Проклятье! Ничто не дается легко! Ничто не происходит так, как ты ожидаешь. Только я дал волю праздным мыслям о том, что Бродски делает успехи, и что же? Возникла самая настоящая проблема. Миссис Ривера возражает против того, чтобы я выносил ее сына за пределы квартиры. О, я ожидал каких-нибудь обычных аргументов, с незапамятных времен высказываемых матерями, пытающимися защитить своих детей. В таком случае это было бы вполне объяснимо. Мир в наши дни обезумел. В каждом переулке, в каждой подворотне вас подстерегает опасность. На людей в метро набрасываются незнакомцы. Но она оказалась более непреклонной, чем я мог вообразить. Нужно было слышать ее слова и видеть ее лицо, чтобы понять, какой нелегкой задачей будет ее уговорить.
– Мистер Хаберман, – говорила она, – именно этого я не могу позволить. Всего раз я допустила, чтобы он оказался на улице, и больше это не повторится.
– То есть он был на улице всего один раз за всю свою жизнь, мамаша? Именно это вы хотите сказать?
– Всего один раз, мистер Хаберман, и я никогда не прощу себе, что так случилось. Это было в тот день, когда я должна была пойти к врачу из-за моего артрита и вынуждена была оставить его с моей подругой. Откуда я могла знать, что она возьмет его на улицу? Я строго-настрого проинструктировала ее, что она должна делать. Мистер Хаберман, он что-то увидел в тот день. Что-то с ним в тот день произошло. Я не знаю что, но я поклялась, что никогда не позволю, чтобы он снова оказался на улице.
– Когда? Где? – спросил я, уже зная ответ:
– Это было у памятника «Мэну», мистер Хаберман, осенью. Дело не в детях, которые могли его раздражать, и не в пристальных взглядах прохожих. Подруга уверяла меня, что вовсе не это. Что-то намного хуже… – Она остановилась. – Только никто не знает что.
– Никто, мамаша? – спросил я с нарочитой недоверчивостью.
– Никто, мистер Хаберман, – ответила она, покачав головой, чтобы подчеркнуть свои слова. – Целую неделю он не притрагивался к еде. Он просто лежал как труп. Не плакал, ни звука не издавал. Бедное дитя. Тогда я отвезла его в больницу. И когда его выписали, социальный работник отослал нас в ваше учреждение. Вот как мы познакомились с вами. Вы помните?
– Но я не знал, что было причиной его болезни, мамаша. Я просто связывал это с его общим состоянием. А вы абсолютно уверены, что причина его болезни в этом?
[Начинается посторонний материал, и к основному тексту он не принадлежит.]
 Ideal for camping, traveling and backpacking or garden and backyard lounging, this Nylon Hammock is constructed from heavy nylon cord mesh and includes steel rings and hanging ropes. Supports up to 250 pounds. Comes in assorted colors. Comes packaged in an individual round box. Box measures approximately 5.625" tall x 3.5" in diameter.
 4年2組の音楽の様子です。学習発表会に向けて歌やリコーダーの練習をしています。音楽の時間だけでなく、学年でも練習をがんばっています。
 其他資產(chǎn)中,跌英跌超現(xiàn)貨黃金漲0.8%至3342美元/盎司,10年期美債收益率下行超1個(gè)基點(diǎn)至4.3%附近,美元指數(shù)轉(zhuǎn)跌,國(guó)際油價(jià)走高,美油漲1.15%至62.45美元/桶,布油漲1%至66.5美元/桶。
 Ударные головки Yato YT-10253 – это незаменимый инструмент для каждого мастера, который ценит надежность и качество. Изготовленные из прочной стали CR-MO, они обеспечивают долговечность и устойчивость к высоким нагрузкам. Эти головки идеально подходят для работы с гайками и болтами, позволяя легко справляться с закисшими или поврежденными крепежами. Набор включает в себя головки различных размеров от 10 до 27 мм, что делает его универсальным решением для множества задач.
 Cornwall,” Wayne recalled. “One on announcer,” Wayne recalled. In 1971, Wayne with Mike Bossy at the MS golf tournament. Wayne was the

Как вы можете утверждать, что это связано с чем-то на улице?
– Мистер Хаберман, – сказала она, – все что угодно, но только не просите меня, чтобы я позволила вам взять моего малыша на улицу. Мир… – Она запнулась. – Мир не место для таких, как он. – Ее лицо стало очень серьезным. – Мистер Хаберман, он совершенно беззащитен перед внешним миром.
Разговор продолжался. Я позволил ей высказать все ее аргументы, надеясь найти какой-нибудь изъян в ее доводах, надеясь придумать какое-нибудь возражение, которое можно будет использовать для контратаки. Но ничего не смог найти. Единственное, что было в мою пользу, так это то, что Бродски, как я заметил, тоже слушал. Стоило посмотреть на его лицо. Он знает, что я хочу. Он хочет того же. Мой дорогой малыш расстроен из-за того, что мама не пускает его на улицу. Это хорошо. Сейчас я пойду домой и спланирую свою контратаку. Последняя гримаса Бродски укрепила меня в моем намерении.
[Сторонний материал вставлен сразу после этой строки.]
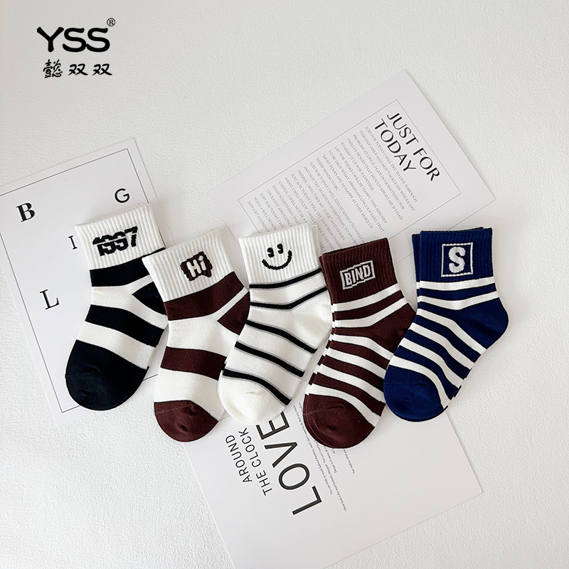 Yishuangshuang 子供靴下秋と冬の新しいトレンディなブランドレターミッドチューブソックスコーマ綿黒学生靴下スポーツ綿靴下

Одного я никогда не должен делать. Я никогда не должен отступать от своего военного плана. Отказываться от того, в чем убежден. Нет ни одного генерала, которому нравилось бы завоевывать бесплодную землю. Если уж воевать, то за сокровища. Только это стоит завоевания. Только тогда, когда врагу есть что терять. Любой мясник на бойне хорошо это знает Итак, я должен уподобить Бродски сокровищу. Так, и только так. К тому нее, кроме Бродски, и его мамаше будет что терять.